I'm just wondering if people think Judith Chalmers is Gloria Hunniford!
So, do you have a preference - Mark or Judith?
-Mark's a rugby union man, isn't he?
-So I believe.
-Are you a rugby man?
-I like rugby.
-I do like rugby.
Um...prefer holidays, though!
'It looks like it'll be Mark and Paul against James and Judith.
'Where are we going to be wishing we were on this Road Trip?
'Both of our jet-set teams will enjoy lovely British weather
'as they spend their £400 starting off just outside Evesham,
'travelling through the beautiful English counties
'of Worcestershire and Gloucestershire.
'They'll meander in an out of the stunning Cotswolds
'and finish at auction in Stroud.
'Before they hit Evesham, time for an early tea break.'
-This is what you did all day on Wish You Were Here.

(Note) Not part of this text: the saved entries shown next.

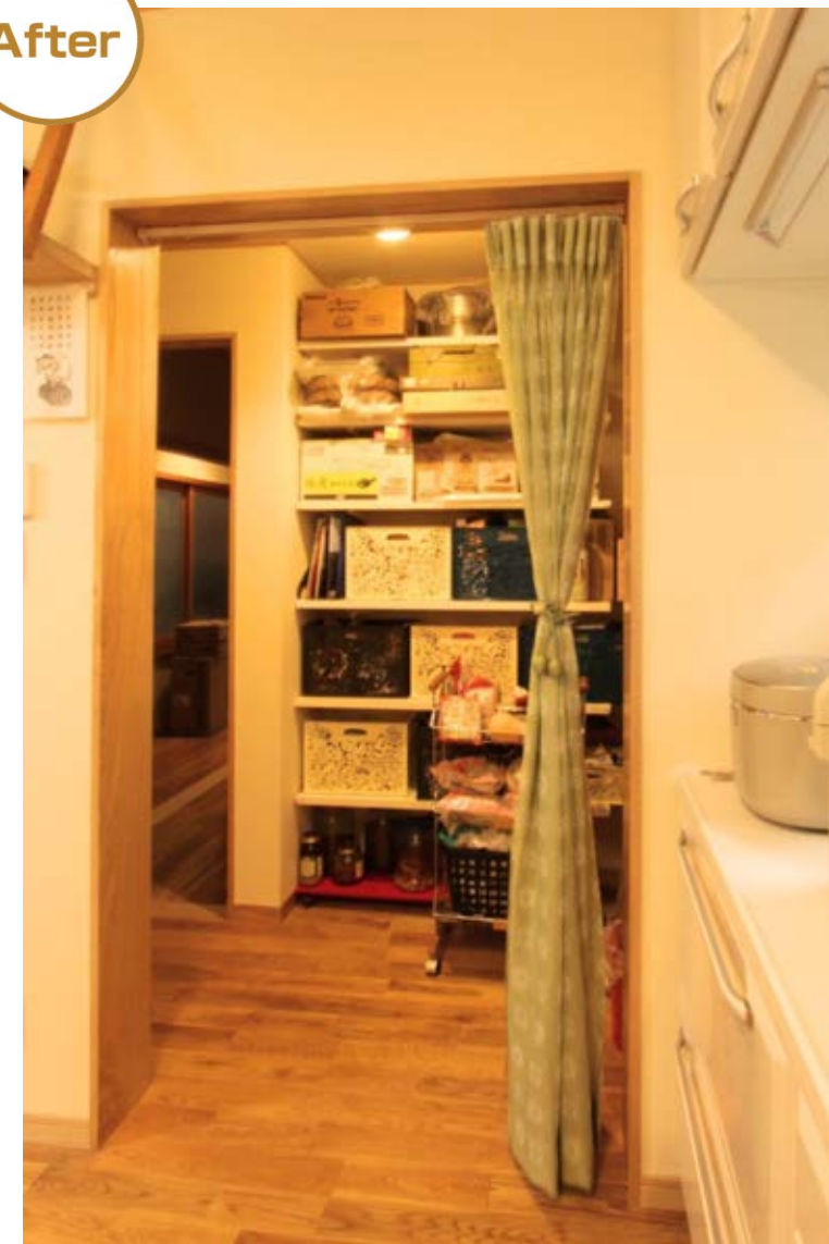
キッチン脇にある食品庫(パントリー)は天井から床まで一面収納できる。通路としても使えるから便利。
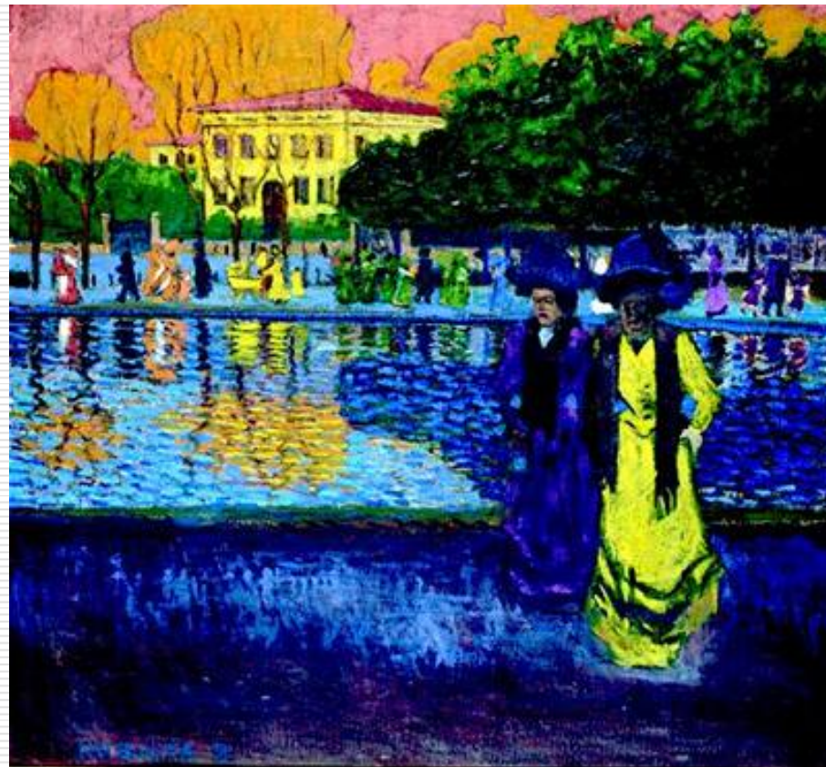
Bohumil Kubišta, Promenáda u Arna 1907
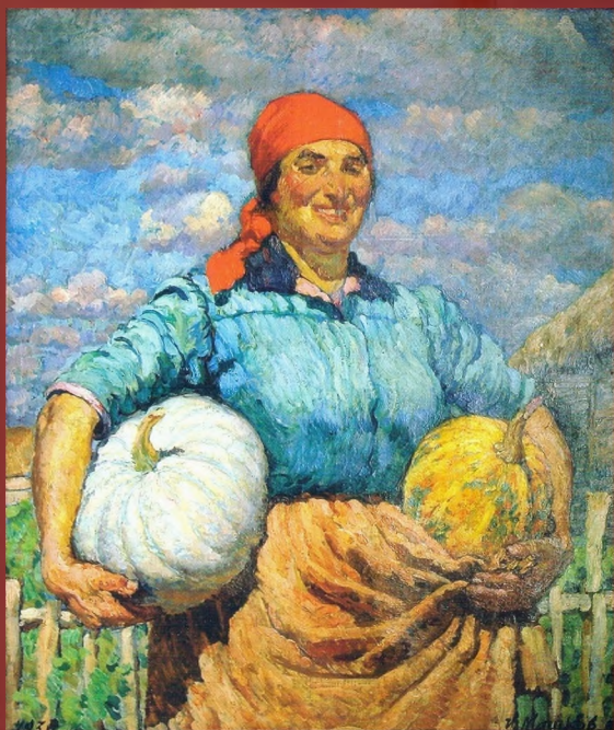
Колхозница с тыквами. 1930
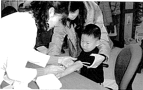
▲ 전북지부는 장애인시설 생활자, 일반주민 등 1100여 명에게 무료건강검진을 실시하였다.
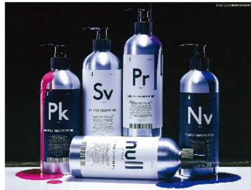
カラタスシャンプー エヌエイチツープラス(パープル/ピンク/シルバー/ネイビー/無色) ・シャンプー/トリートメント(500ml) ・各色詰め替え用レフィル(800ml)

「カラタス」の一般向け製品と異なる成分で、よりサロンでの使用に特化したシリーズ。カラーシャンプー&トリートメントといえば、ヘアカラーの褪色・変色防止のために使うのが一般的だが、「NH 2 + 」シリーズはその色み鮮やかさとしっかりと色が入る性能の高さから、ブリーチ毛に対する“染色”に使う使用法が美容師の間で広まっている。
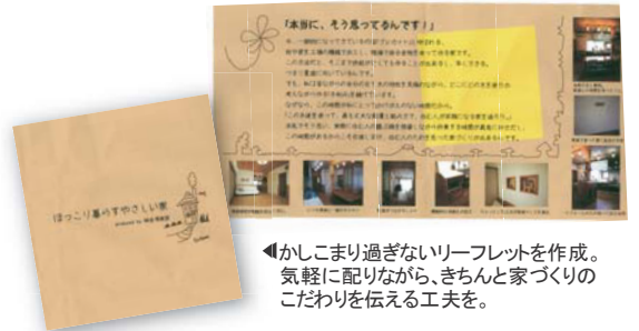
◀かしこまり過ぎないリーフレットを作成。気軽に配りながら、きちんと家づくりのこだわりを伝える工夫を。
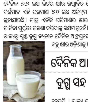
ଦୈନିକ ଆବଶ୍ୟକ ହେବ ୧୦.୪ ଲକ୍ଷ ଲିଟର ଦୁଗ୍ଧ ଦୁଗ୍ଧ ସହ ଅଣ୍ଡା ମିଳିବ କି ନାହିଁ ହୋଇନି ନିଷ୍ପତ୍ତି
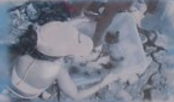
PECHE A L'EPUISETTE
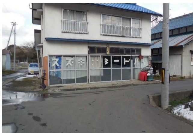
写真3：廃業した自転車屋さん
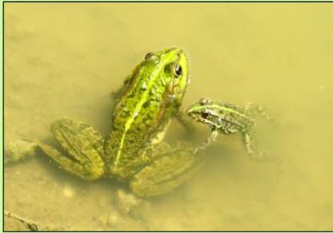
Pelophylax ridibundus ( Rana ridibunda ) skokan skřehotavý
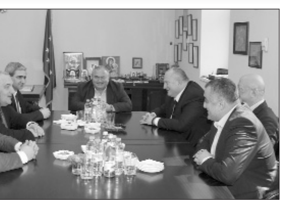
(Շարունակությունը՝ 4-րդ էջում)

Այցի շրջանակներում՝ առաջին պաշտոնական հանդիպումը տեղի ունեցավ վիսայի խեռում, որտեղ Սամցխե-Ջավախեթի պե-
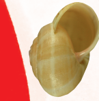
Zandslak ( Theba pisana )
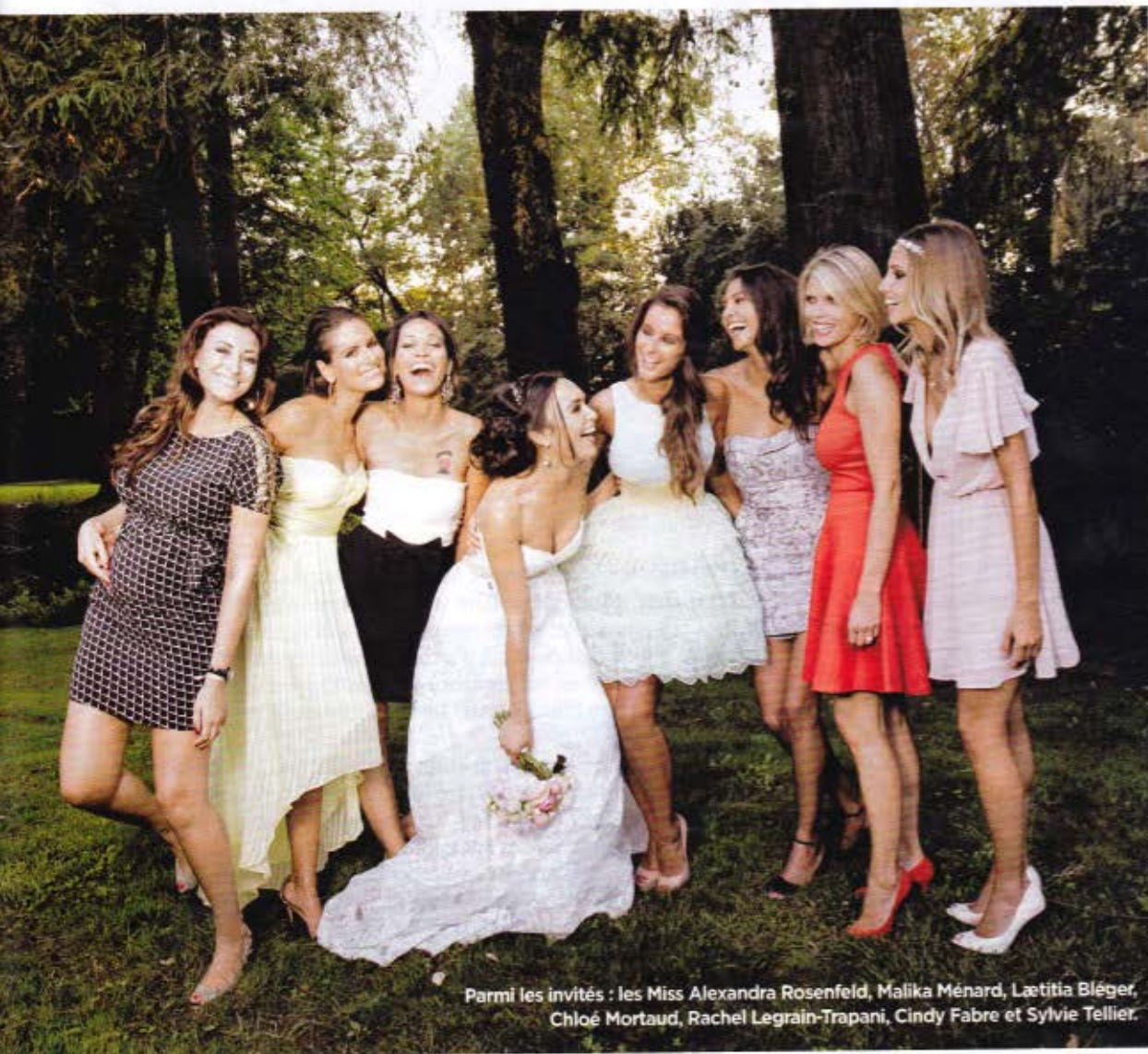
Parmi les invités : les Miss Alexandra Rosenfeld, Malika Ménard, Lætitia Bléger, Chloé Mortaud, Rachel Legrain-Trapani, Cindy Fabre et Sylvie Tellier.
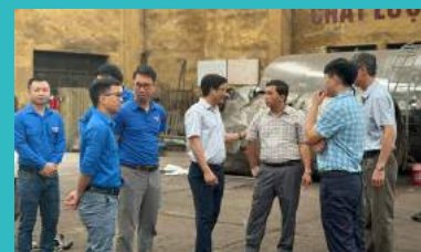
Thăm các nhà xưởng tại các đơn vị sản xuất của TKV trên địa bàn Cao Bằng

(4) Phối hợp kiểm tra kết quả 01 năm thực hiện Kế hoạch liên tịch số 15-KHLT/ĐTQN-ĐTKV, ngày 15/6/2023 của Ban Thường vụ Đoàn Than Quảng Ninh và Ban Thường vụ Đoàn TKV về việc thực hiện công tác vệ sinh môi trường nơi làm việc, nhà điều hành và khai trường sản xuất giai đoạn 2023-2025.

-Everybody thinks you just went on holiday.
-What DID you do?
We left the hotel at half past seven in the morning
and we got back after the inevitable folk dancing at half past ten at night.
-Always folk dancing!
-Folk dancing around the world!
-Oh, I say! Don't they look smart!
I wanted debonair! We've got debonair!
-Good to see you.
Yes, I recognise you.
-Have a lovely time, you two, but it's needle!
-From here on in, yes.
The mother-son relationship often fraught and tension filled.
Am I driving? Are we going to argue about who has the key?
BOTH TALK AT ONCE
'With our duos definitely decided, it's time to fly away.
'I mean, drive off.
'Judith's used to getting away quickly and today's no exception.
'She's in the driving seat and keen to know what James's shopping strategy is.'
It has to be something, I think,
that is massive, bold, going to strike people immediately.
-Cos they can't miss it?
-Yeah. I think that's what we should go for.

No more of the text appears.